Is there going to be more or was that it? It would be interesting to see more than just one Brit in Germany. Something like one in Munich, one in Hamburg, one in Leipzig to see the differences between the countries and the regions.

I think Hamburg would be quite interesting, there's quite a few Brits living there.


----------



## James3214

No, it was just a 'one off' and you are right, the regional differences would be interesting, like in a lot of countries, including the UK!


----------



## Sirtravelot

I watched it now. I thought it was all right, but far too short. What bothered me immensely was how the English guy always talked English to the Germans, expecting them to understand him.

I heard that people were up in arms a bit because of the racist cop, but I didn't find him to be that racist. 
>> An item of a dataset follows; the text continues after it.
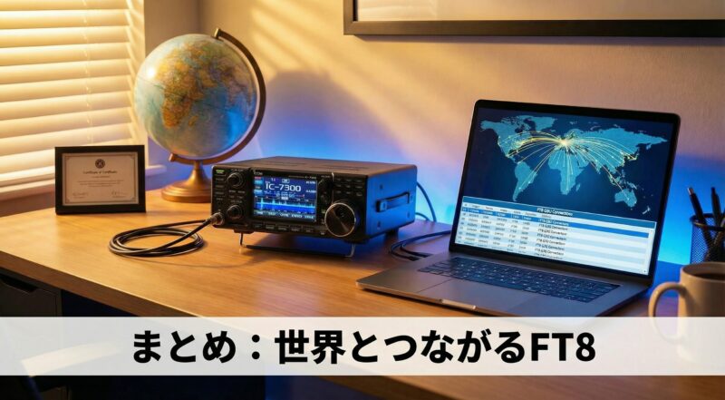 IC-7300を使ったFT8の始め方、いかがでしたでしょうか。 最初は少し複雑に感じますが、一つ一つのステップを丁寧に進めれば、必ず設定は完了します。 USBケーブル1本で始められる手軽さは、IC-7300の大きな魅力です。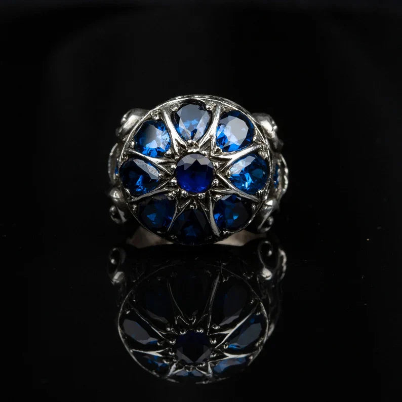 Gental Gems by Karat Kings | Unique Turkish Style Ring with Victorian Blue Zircon | Sterling Silver Oxidized Ring | Men's Jewelry | With Certificate of Authenticity and Hallmark

The "Waldkindergarten" was total crap. They made it sound as if such a thing was a norm. It seemed like Green propaganda.

The whole "stay at home" Hausfrau, is also quite misleading. They made it seem like all German women can't wait to be mothers. Not the case! The German birth-rate is so much lower than in Britain.
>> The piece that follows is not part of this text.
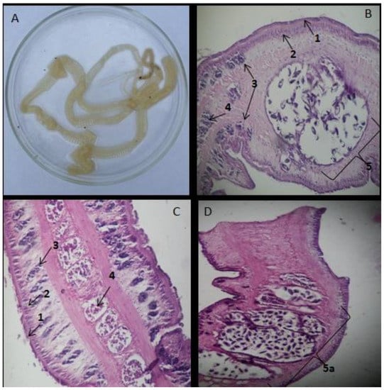 (A) Gross picture of an adult Spirometra spp., (B) Cross section of a gravid proglottid containing the central field, (C) Parasagittal section containing lateral field: 1. Acellular tegumentary layer, 2. Cellular tegumentary layer, 3. Vitellogenic glands, 4. Testes; (D) Horizontal section with: 5a. Spirally coiled uterus with four and a half convolutions. (Microphotographs B–D stained with HE/100×).

Anyway, if I was in charge of that, I would try to make it better, a bit deeper. It's also kinda hard to be "typical German", because nobody really knows what that is. Just my two cents.


----------



## lindalounder

I watched that documentary too - I am from USA and when I went to study in Germany the tips were very helpful


----------



## cheefbadger

i watched it too and thought it was a bit weak. So much of it was overly staged, i agree, but i guess it had to be. it did point out some of the cultural differences but overplayed quite a few of them. Everyones experience is different of course but in mine the sunday quiet law was definitely overplayed. Where I live, and its mostly Germans, everyone just goes about their business. True, i am less likely to blast out slipknot and crank it up to the gigawatts but my neighbour certainly didn't have to politely ask their dogs to use their inside voices or stop their children from playing as children do. i personally have never been told off for using my phone in work, but then I work for Vodafone so maybe thats why.
The one good thing was that my friends back gome watched it and so they have more of an idea what to expect when they visit. According to the programme at least I will come home early afternoon from my manufacturing job to my wife who will be most of the way through her days housework, looking after three quarters of a child and preparing a heart attacks worth of swine for dinner.


----------